Task objective:
Type out the whole listing again exactly, pictures omitted.

Information shown:
□ □ □ □ □ □ □

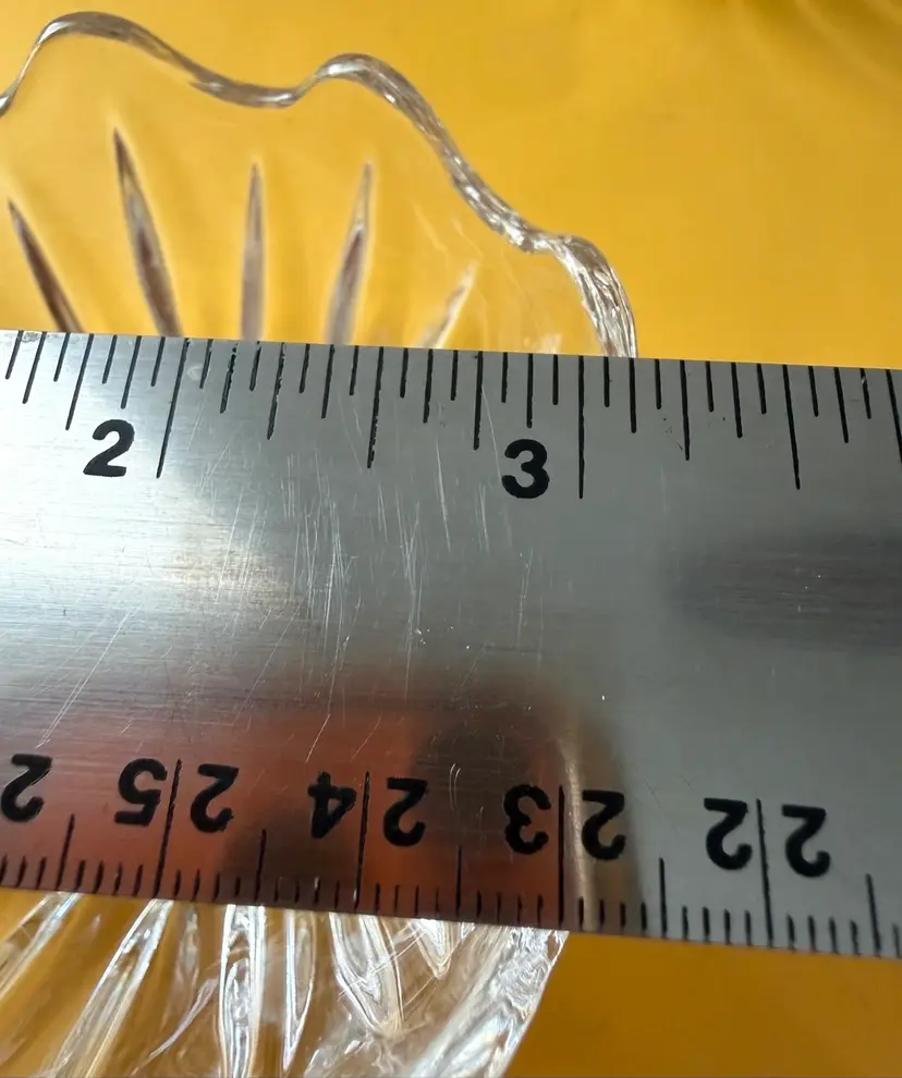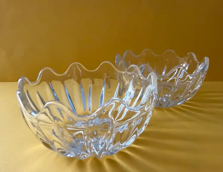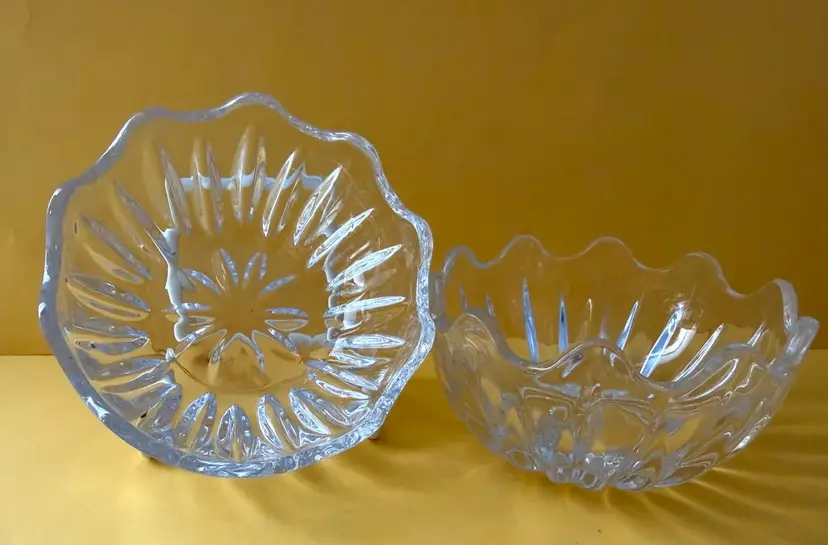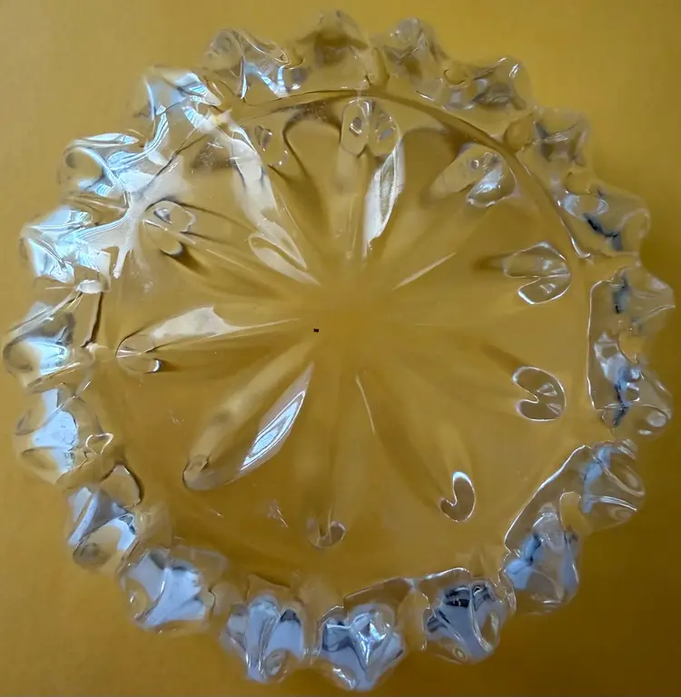 This is the cutest idea. 2 duplicate crystal dishes that fit on top of one another to form a ball. Use them separately, use one lidded or whichever way you can think of. Just a little over 3” in diameter.
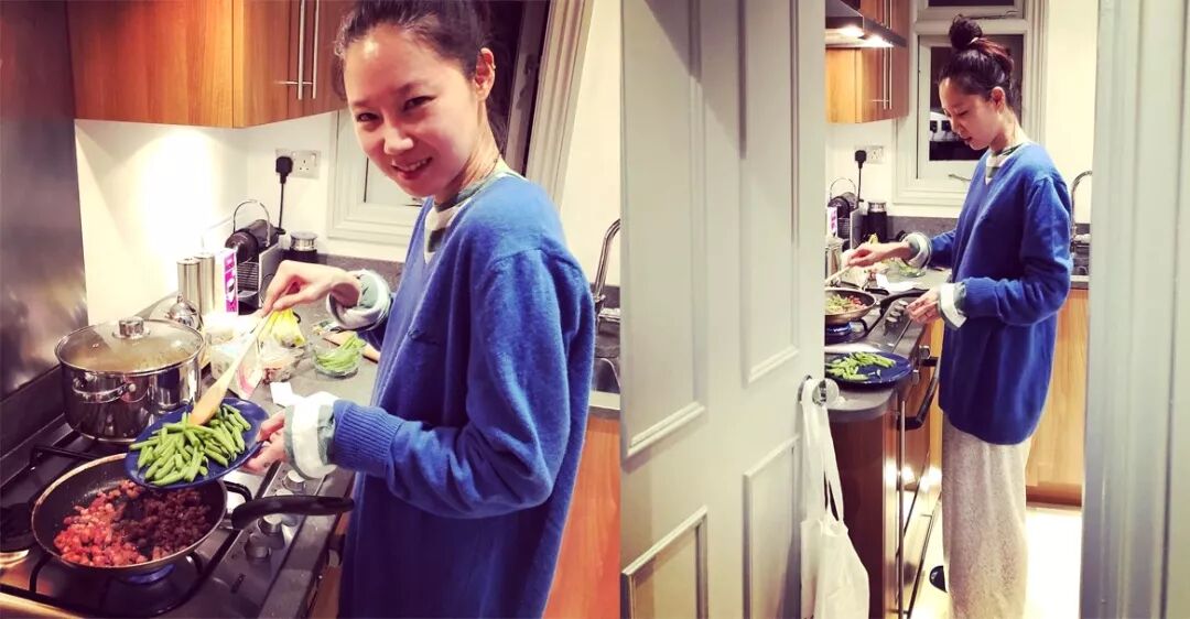 在家里的她非常自然随性,扎起丸子头做菜像个亲切的邻家大姐姐▼
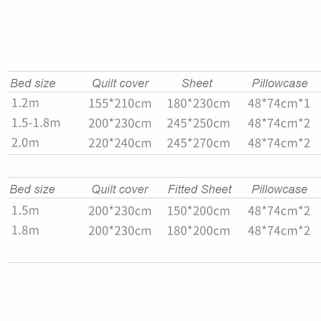 4pcs Set5(Fitted sheet): Quilt cover200x230cm or 79"x91"x1 / Fitted sheet180x200cm or 71"x79"x1 / Pillowcase48x74cm or 19"x29" x2

□ □ □ □ □ □ □

Task answer:
 This is the cutest idea. 2 duplicate crystal dishes that fit on top of one another to form a ball. Use them separately, use one lidded or whichever way you can think of. Just a little over 3” in diameter.
 在家里的她非常自然随性,扎起丸子头做菜像个亲切的邻家大姐姐▼
 4pcs Set5(Fitted sheet): Quilt cover200x230cm or 79"x91"x1 / Fitted sheet180x200cm or 71"x79"x1 / Pillowcase48x74cm or 19"x29" x2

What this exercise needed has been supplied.